TASK ITEM
Every line of the data below is to be given again as it appears, with the images removed.

SUPPLIED MATERIAL
Segment Open

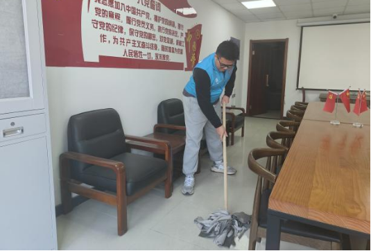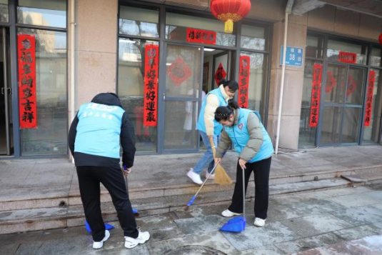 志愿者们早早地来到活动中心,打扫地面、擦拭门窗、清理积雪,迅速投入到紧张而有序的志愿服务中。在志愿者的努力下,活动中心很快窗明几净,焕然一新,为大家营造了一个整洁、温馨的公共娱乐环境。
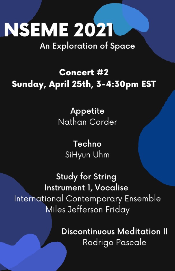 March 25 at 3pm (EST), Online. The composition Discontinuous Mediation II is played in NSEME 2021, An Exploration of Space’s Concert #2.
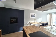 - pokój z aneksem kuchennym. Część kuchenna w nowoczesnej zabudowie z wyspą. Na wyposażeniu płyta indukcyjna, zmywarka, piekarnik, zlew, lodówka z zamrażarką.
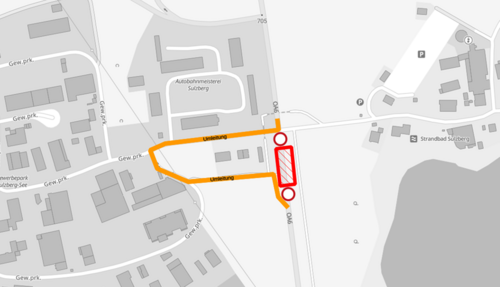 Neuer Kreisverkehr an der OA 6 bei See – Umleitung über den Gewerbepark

Segment Closed

SOLUTION
 志愿者们早早地来到活动中心,打扫地面、擦拭门窗、清理积雪,迅速投入到紧张而有序的志愿服务中。在志愿者的努力下,活动中心很快窗明几净,焕然一新,为大家营造了一个整洁、温馨的公共娱乐环境。
 March 25 at 3pm (EST), Online. The composition Discontinuous Mediation II is played in NSEME 2021, An Exploration of Space’s Concert #2.
 - pokój z aneksem kuchennym. Część kuchenna w nowoczesnej zabudowie z wyspą. Na wyposażeniu płyta indukcyjna, zmywarka, piekarnik, zlew, lodówka z zamrażarką.
 Neuer Kreisverkehr an der OA 6 bei See – Umleitung über den Gewerbepark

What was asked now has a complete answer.